All actions to be taken by the Sellers in connection with consummation of the
transactions contemplated hereby and all certificates, opinions, instruments and
other documents required to effect the transactions contemplated hereby will be
reasonably satisfactory in form and substance to the Buyer. The Buyer may waive
any condition specified in this Section 6(a) if it executes a writing so stating
at or prior to the Initial Closing or, if applicable, the Second Closing.
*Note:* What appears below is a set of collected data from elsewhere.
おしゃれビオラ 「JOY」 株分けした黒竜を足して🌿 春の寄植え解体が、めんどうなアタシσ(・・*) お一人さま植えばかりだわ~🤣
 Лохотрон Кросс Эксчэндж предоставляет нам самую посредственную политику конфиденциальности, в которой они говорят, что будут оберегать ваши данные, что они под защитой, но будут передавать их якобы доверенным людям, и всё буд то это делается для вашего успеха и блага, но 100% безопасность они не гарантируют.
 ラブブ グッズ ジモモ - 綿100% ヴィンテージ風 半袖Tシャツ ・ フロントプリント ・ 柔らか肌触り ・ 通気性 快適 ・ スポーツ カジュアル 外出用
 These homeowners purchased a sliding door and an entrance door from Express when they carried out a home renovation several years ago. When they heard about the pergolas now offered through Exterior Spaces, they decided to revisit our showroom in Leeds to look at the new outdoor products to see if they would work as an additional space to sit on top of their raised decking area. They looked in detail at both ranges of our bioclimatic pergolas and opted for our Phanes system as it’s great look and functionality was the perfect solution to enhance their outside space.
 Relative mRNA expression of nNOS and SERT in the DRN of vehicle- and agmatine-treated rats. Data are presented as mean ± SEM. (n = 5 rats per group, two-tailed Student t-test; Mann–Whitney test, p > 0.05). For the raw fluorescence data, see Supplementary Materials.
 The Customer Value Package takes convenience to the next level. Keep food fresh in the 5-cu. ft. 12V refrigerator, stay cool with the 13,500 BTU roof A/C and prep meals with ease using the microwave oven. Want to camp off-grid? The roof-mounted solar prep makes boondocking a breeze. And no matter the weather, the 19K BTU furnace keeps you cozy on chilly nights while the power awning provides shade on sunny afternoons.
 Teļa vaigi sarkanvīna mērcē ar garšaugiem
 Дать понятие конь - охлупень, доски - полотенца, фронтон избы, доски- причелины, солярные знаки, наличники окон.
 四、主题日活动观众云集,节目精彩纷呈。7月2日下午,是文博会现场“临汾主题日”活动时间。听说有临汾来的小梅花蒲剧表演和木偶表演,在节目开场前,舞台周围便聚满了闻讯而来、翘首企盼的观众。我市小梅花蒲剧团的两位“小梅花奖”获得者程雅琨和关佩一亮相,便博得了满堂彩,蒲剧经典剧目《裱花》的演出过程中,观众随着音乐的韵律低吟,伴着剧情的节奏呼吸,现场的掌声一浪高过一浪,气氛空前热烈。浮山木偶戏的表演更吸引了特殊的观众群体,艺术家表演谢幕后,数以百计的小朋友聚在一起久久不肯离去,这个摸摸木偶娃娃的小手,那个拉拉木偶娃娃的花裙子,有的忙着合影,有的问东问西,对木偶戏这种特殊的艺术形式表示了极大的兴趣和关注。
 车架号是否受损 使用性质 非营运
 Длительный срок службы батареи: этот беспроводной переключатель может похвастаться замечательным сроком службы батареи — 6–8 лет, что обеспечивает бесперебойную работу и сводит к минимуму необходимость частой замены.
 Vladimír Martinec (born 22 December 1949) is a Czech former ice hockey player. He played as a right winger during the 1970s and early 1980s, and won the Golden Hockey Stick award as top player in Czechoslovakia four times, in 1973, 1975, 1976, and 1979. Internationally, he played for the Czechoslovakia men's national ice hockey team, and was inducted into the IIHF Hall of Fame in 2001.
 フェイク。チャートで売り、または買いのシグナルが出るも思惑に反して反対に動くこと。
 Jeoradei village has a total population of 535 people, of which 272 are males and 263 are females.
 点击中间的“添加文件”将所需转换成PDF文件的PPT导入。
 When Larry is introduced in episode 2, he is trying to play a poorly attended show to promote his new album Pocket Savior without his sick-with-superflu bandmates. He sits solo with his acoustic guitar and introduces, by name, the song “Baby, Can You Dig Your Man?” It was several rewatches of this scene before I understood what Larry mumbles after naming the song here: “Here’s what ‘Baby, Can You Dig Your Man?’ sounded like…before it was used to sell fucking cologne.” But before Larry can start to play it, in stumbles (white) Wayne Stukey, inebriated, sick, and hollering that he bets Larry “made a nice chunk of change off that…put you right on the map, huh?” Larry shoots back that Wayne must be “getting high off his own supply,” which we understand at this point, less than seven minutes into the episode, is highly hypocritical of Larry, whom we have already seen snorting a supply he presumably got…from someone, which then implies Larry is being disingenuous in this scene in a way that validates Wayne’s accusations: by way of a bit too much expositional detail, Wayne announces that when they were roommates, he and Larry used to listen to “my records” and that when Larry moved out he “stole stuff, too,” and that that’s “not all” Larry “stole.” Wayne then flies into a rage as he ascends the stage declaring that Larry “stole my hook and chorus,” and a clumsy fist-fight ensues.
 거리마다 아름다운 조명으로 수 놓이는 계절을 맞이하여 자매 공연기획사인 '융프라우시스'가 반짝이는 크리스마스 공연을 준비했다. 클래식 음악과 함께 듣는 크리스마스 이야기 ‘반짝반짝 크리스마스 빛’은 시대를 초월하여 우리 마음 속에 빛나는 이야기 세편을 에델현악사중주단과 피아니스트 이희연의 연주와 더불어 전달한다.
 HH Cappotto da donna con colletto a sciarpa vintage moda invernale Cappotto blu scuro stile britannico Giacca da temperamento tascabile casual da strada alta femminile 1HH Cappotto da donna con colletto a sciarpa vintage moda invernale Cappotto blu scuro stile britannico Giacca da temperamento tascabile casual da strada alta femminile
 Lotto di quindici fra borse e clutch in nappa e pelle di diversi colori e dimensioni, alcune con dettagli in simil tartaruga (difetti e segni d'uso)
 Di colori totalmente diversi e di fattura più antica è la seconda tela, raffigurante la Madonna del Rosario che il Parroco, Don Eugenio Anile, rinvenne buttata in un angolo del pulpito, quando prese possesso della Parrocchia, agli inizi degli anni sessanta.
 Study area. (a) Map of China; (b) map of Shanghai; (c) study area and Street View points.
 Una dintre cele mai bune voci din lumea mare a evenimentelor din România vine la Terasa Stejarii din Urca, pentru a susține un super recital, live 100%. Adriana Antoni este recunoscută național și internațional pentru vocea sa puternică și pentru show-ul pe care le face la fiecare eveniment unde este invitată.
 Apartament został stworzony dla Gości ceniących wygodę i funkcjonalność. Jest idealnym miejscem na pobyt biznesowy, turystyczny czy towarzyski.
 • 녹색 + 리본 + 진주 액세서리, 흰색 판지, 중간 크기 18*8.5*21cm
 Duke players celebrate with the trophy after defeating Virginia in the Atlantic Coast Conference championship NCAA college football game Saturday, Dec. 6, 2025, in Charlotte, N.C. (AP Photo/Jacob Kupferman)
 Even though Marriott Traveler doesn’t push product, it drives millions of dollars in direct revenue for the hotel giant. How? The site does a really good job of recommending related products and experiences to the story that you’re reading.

     (b) CONDITIONS TO OBLIGATION OF THE SELLERS. The obligation of the Sellers
to consummate the transactions to be performed by them in connection with the
Initial Closing or, if applicable, the Second Closing is subject to satisfaction
of the following conditions:

               (i)  the representations and warranties set forth in Section 3(b)
above shall be true and correct in all material respects at and as of the
Initial Closing Date or, if applicable, the Second Closing Date;

               (ii) the Buyer shall have performed and complied with all of its
covenants hereunder in all material respects through the Initial Closing or, if
applicable, the Second Closing; and

               (iii) no action, suit or proceeding shall be pending or
threatened before any court or quasi-judicial or administrative agency of any
federal, state, local or foreign jurisdiction or before any arbitrator wherein
an unfavorable injunction, judgment, order, decree, ruling or charge would (A)
prevent consummation of any of the transactions contemplated by this Agreement
or (B) cause any of the transactions contemplated by this Agreement to be
rescinded following consummation (and no such injunction, judgment, order,
decree, ruling or charge shall be in effect).

All actions to be taken by the Buyer in connection with consummation of the
transactions contemplated hereby and all certificates, opinions, instruments and
other documents required to effect the transactions contemplated hereby will be
reasonably satisfactory in form and substance to the Sellers. The Sellers may
waive any condition specified in this Section 6(b) by executing a writing so
stating at or prior to the Initial Closing or, if applicable, the Second
Closing.

       7. REMEDIES FOR BREACHES OF THIS AGREEMENT.

            (a)      INDEMNIFICATION PROVISIONS FOR BENEFIT OF THE BUYER.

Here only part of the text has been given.